# Self Sufficiency/Living off the Land or Off the Grid > Making Stuff >  Curing animal hides

## Dark786

Hey, any one out there know a good way to cure an animal hide with out the use of chemicals.

----------


## FVR

Brains, cod liver oil, pee, alum, fish oil, eggs, veg. oil, acorns, etc.

Go to braintan.com, they are full of helpfull information.

I have used brains and alum with success.  Pee works for fish skins great.

For hair on I like alum as it tightens the hairs.  I've made quivers from boars hide and you can run over them with a truck and the arrows won't get damaged.

Frank

----------


## kunkel

well how do you cure a hide with alum so the hair stays in and the hide is still pliable?

----------


## Sourdough

> well how do you cure a hide with alum so the hair stays in and the hide is still pliable?

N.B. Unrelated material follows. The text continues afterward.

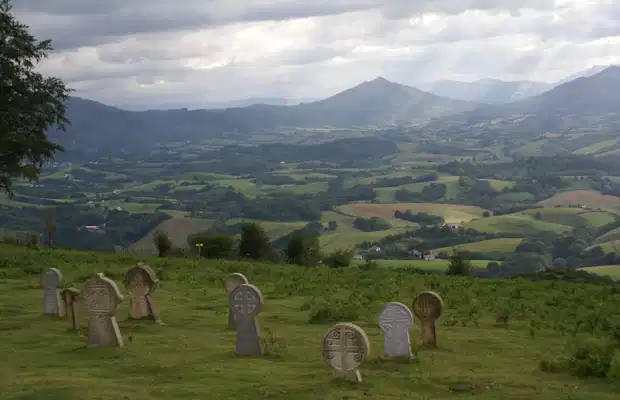 Une fois au sommet, à côté de la chapelle de Arantzazu (dont le pèlerinage a lieu le lundi de Pentecôte), vous trouverez ces 3 croix avec le Christ et deux voleurs accrochés aux croix. Impressionantes. Comme le sont aussi les sillages en forme de disque à côté d'elles.

Chew it for hours, or put it in a large tumbler.

----------


## Rick

Chew on alum? That would pucker you so bad you'd have two sets of lips on your face. :EEK!:

----------


## Sourdough

It is best to used a two step process.....

----------


## RobertRogers

Chewing...too funny.  You'd end up looking like an aged Inuit woman with no teeth

----------


## Sourdough

> Chewing...too funny.  You'd end up looking like an aged Inuit woman with no teeth


I was not going to go there, but that is how it is done.

----------


## klkak

I send the hides I want tanned to "Alpha fur tanners" in Anchorage. They will even flesh them for you if you are'nt up to the task.

----------


## LadyTrapper

Brain tan works well (just finished a winter rabbit pelt for a dream catcher)and leaves the hands soft for days as you apply the brain paste best with your bare hands. 
I didnt chew but used a chair rung or back of a wooden chair to pull it back and forth on. Very time comsuming, but made for a soft suptle pelt.
Grossed the kids out a wee bit with the cookin of the brain matter, but  each animal has enough brain to tan it's own hide.
Good luck!

----------


## klkak

> Chewing...too funny.  You'd end up looking like an aged Inuit woman with no teeth


To funny. I know a man who has a fishing boat called the "Old Squaw". In these times of "Political correctness" he has taken to refering to the boat as "The Elderly Native Woman" :Roll Eyes (Sarcastic):

----------


## grundle

> Brain tan works well (just finished a winter rabbit pelt for a dream catcher)and leaves the hands soft for days as you apply the brain paste best with your bare hands. 
> I didnt chew but used a chair rung or back of a wooden chair to pull it back and forth on. Very time comsuming, but made for a soft suptle pelt.
> Grossed the kids out a wee bit with the cookin of the brain matter, but  each animal has enough brain to tan it's own hide.
> Good luck!


Did you still soak the hide in a water-lye solution before applying the brain matter, or did you skip that step altogether?

----------


## LadyTrapper

Skipped that step, but rabbit pelts are so thin that they dry quickly...rewet if you need to before applying the brain.

----------


## Jeremiah Johnson

Make sure the skin is dry, and stretch the skin as tight as possible and leave it in the sun (if the moisture is not drawn from it, it could rot). You can rub wood ashes on the skin which will help the process. While it's in the sun, make sure it stays VERY dry. A drop or two of water wont' hurt, but make sure it stays dry. You can also put it over a fire (the smoke will help preserve it), but make sure it does not hit the flames and make sure the skin stays stretched.
INFO FROM: SAS Survival Handbook; John "Lofty" Wiseman, pg. 317

----------


## RBB

> well how do you cure a hide with alum so the hair stays in and the hide is still pliable?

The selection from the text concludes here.